Banned Books Week
Written by Book Arts Intern: Sage Enderton
If you’ve ever stepped foot in a school library, you’re sure to know about the very long list of banned books found in the United States. From JD Salinger to JK Rowling to Toni Morrison, there are hundreds of authors whose books have been subjected to unnecessary censorship at the hands of school boards, churches, and politicians. Book censorship is defined as:
The removal, suppression, or restricted circulation of literary, artistic, or educational material–of images, ideas, and information–on the grounds that these are morally or otherwise objectionable in the light of standards applied by the censor.

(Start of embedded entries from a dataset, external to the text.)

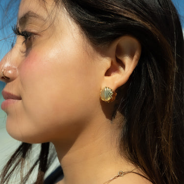 18k Gold PVD Rostfritt stål Shell Huggies örhängen / ERJ0066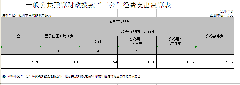 隨州市民宗局2016年度“三公”經費總支出16807元,比上年度減少44404元,“三公”經費開支具體明細如下: (1)2016年度市民宗局無因公出國(境)人員,故無此項經費支出。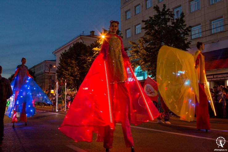 В очередной раз Воронеж отметил День России парадом уличных театров в рамках Платоновского фестиваля. Нынешний парад отличался от предыдущих тем, что начался не днем, как раньше, а в 21.00, когда над городом уже сгущались сумерки. В этот вечер для воронежцев делали шоу 11 ярких коллективов из России, Нидерландов, Германии, Франции, Великобритании.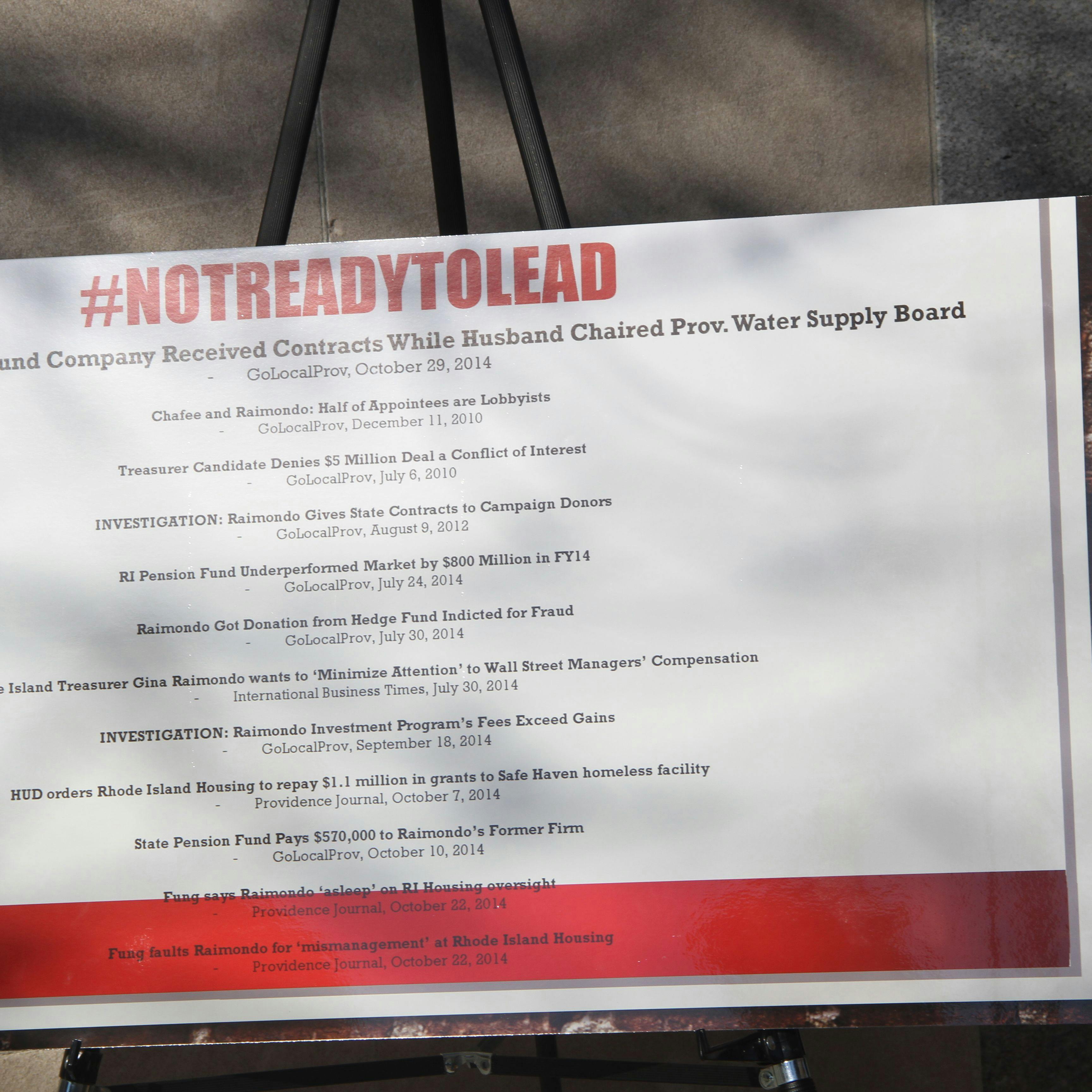 "Half of the Treasurer's and Chafee's appointees were lobbyists, the Treasurer gave state contracts to campaign donors, the State Pension fund gave $570,000 to her former firm, and her gross mismanagement and lack of oversight as a board member of RI Housing...we've seen where that's gone," said Fung.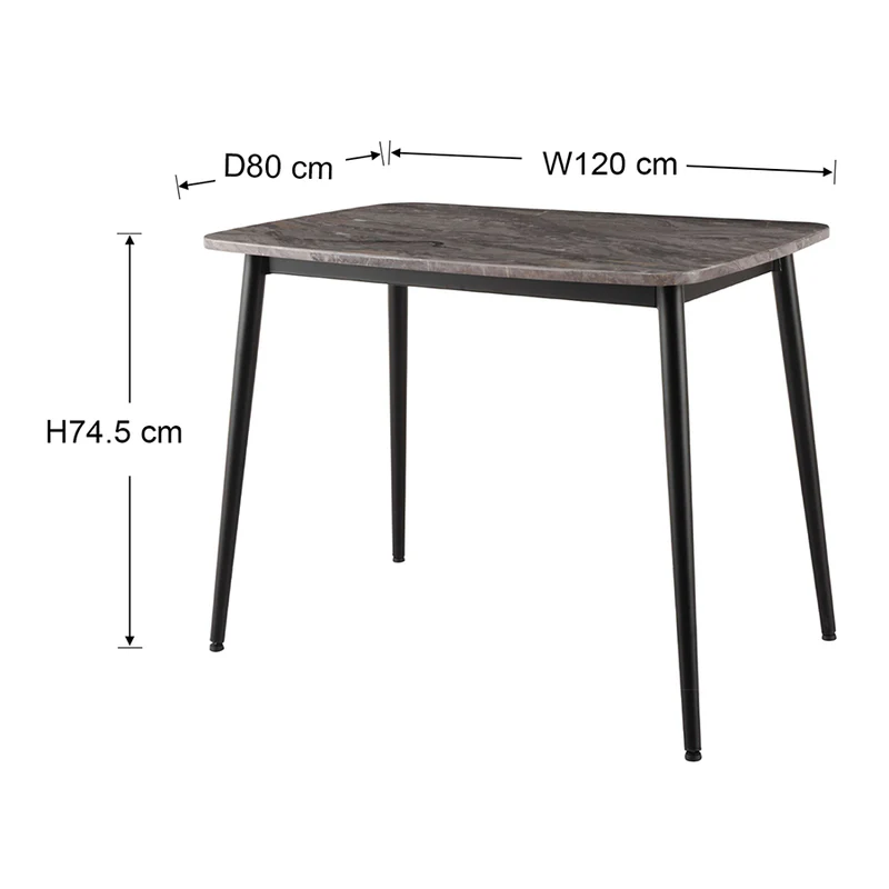 About this item | Available in 2 colors, Gray marble and Beige marble. This four-seater faux marble finish MDF table with metal legs replicates the look of real marble at a lower cost. With this choice, you may take advantage of marble’s sophisticated and elegant appeal without having to pay its costly price. |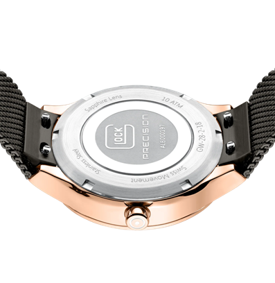GLOCK Precision Ladie's Watch - Model GW-28-2-18. This watch radiates classic elegance. Its shiny, rose gold-tone stainless steel case and gunmetal mesh band surround a reliable Swiss movement. The color-coordinated dial, accented by twelve genuine diamonds as well as hands featuring Swiss Super-LumiNova®, introduces an additional level of luxury. With 10 ATM water resistance, it unites premium functionality with timeless design.

Books which appear on this list are typically banned for topics such as witchcraft, sexual content, slurs, politics, blah blah blah. The list goes on. Though corporations and organizations may view the censorship of certain books to be “necessary,” the fact of the matter is that banning books directly contradicts the purpose of books. Meant to guide, educate, and transport us through literature, books, no matter their content, were written with direct intent. Authors during the Modernist period, such as F. Scott Fitzgerald and Ernest Hemingway, used their platforms specifically to voice their opinions on corruption, war, and the role of the American people in society. Even works by Toni Morrison, a Nobel Prize recipient, are banned for the discussion of “taboo” topics like incest and racial inequality. When dealing with uncomfortable topics, books serve the overall purpose of educating; to ban them leaves us uneducated, complacent, and in the dark.
This is where Banned Books Week comes in! Banned Books Week serves as a way to resist against the inherent bias of banning books, encouraging everyone to celebrate their freedom to read and draw attention to the persecuted authors and books within the list.
These ideas are utilized by Matthew Peter Nagowski in his exhibition at the WNY Book Arts Center, Banning books: Understanding without Reading. Nagowski discusses how books allow us to “immerse ourselves in [universes] that [are] not our own” and experience “diverse perspectives on topics enduring to the human condition.” Potentially including works by Kurt Vonnegut, Walt Whitman, Maya Angelou, and Toni Morrison, Nagowski’s exhibition discusses the challenges and banishment of certain books and how the banning of books seeks only to control what a population is able to read, learn, and experience. Banning books uses the computer programming language Processing to analyze and depict certain elements of the banned books in a format which allows the viewer to understand the book despite not having read it. Nagowski describes the books as then taking “abstracted, modernistic forms.” His exhibition raises many questions – can machines comprehend true meaning of literary works? How can one understand the meaning of a book without having read it? Where does the interpretation of books separate between subjective and objective?
Nagowski has raised yet another question in me as well; does it count as reading a banned book if you never actually read it?